Российский офтальмологический журнал (Oct 2023)
A new method to treat persistent corneal erosions after high-risk keratoplasty
Abstract
Purpose: to compare the effectiveness of conventional preserved amnion and amnion saturated with platelet-rich (PRP) plasma lysate for the treatment of persistent corneal erosions (PCE) after high-risk keratoplasty.Materials and methods. 40 patients with persistent corneal erosions after high-risk penetrating keratoplasty, followed up for 12 months, were divided into two clinical groups of 20 people each. The main group of patients, aged 34 to 84, received Flexamer amniotic membrane + PRP lysate, while the comparison group, aged 41 to 80, received Flexamer amniotic membrane only.
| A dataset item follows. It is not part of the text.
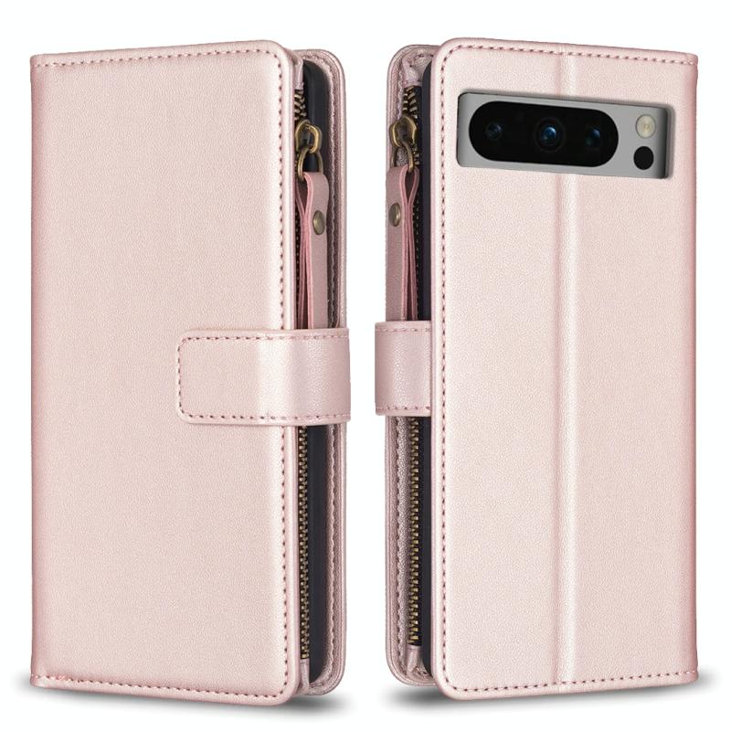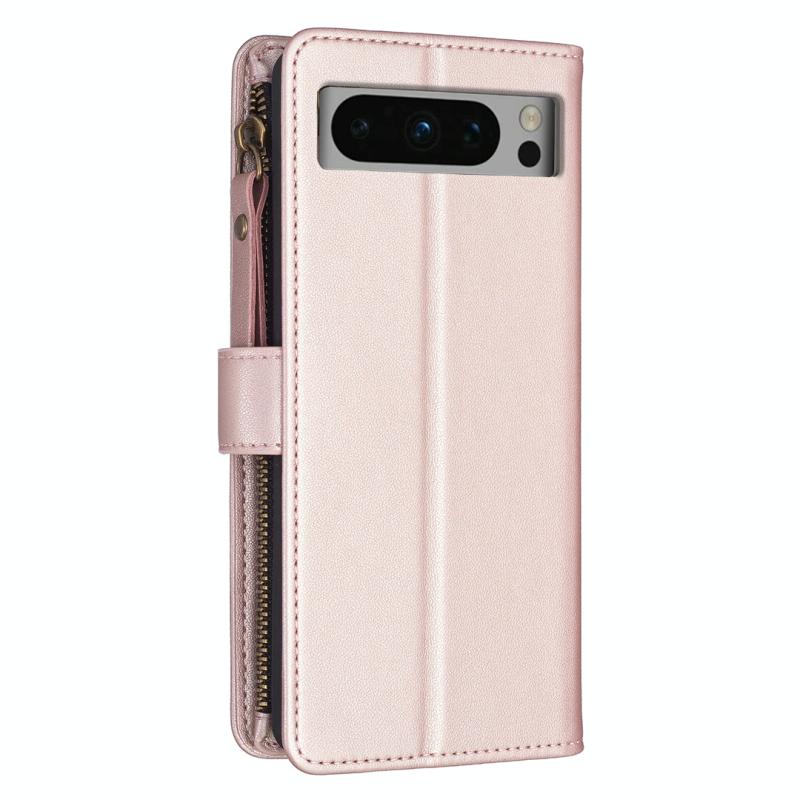 Θήκη τηλεφώνου Google Pixel 8 Pro, δερμάτινη, flip με φερμουάρ και 9 θήκες για κάρτες (ανοιχτό μωβ)

Amniotic membrane coating was used in persistent corneal erosions of penetrating keratoplasty after unsuccessful conservative treatment. The amnion was sewn 2 mm from the limb with a continuous suture and covered with a soft contact lens. As a source of platelets, we used the blood of healthy volunteers, from which platelet-rich plasma with platelet concentration of over 1000 thousand/µl was taken, which was then frozen at -40 °C and defrosted at 0…4 °C to obtain PRP lysate. The criteria for evaluating the effectiveness of both groups were the times of epithelialization, the number of amniotic membrane coatings, and the number of preserved transplants at the end of the follow-up.Results. Lyophilized amniotic membrane saturated with autologous PRP lysate growth factors was shown to be biocompatible. It was found to be safe for the patients, to reduce the epithelialization time, to reduce the number of operations required to cover the PÑE with the amnion, and to increase the likelihood of successful transparent and translucent engraftment of a penetrating keratograft.Conclusion. The use of a lyophilized amniotic membrane enriched with growth factors of autologous PRP lysate is a promising method for the treatment of PCE of the penetrating corneal graft after high-risk keratoplasty.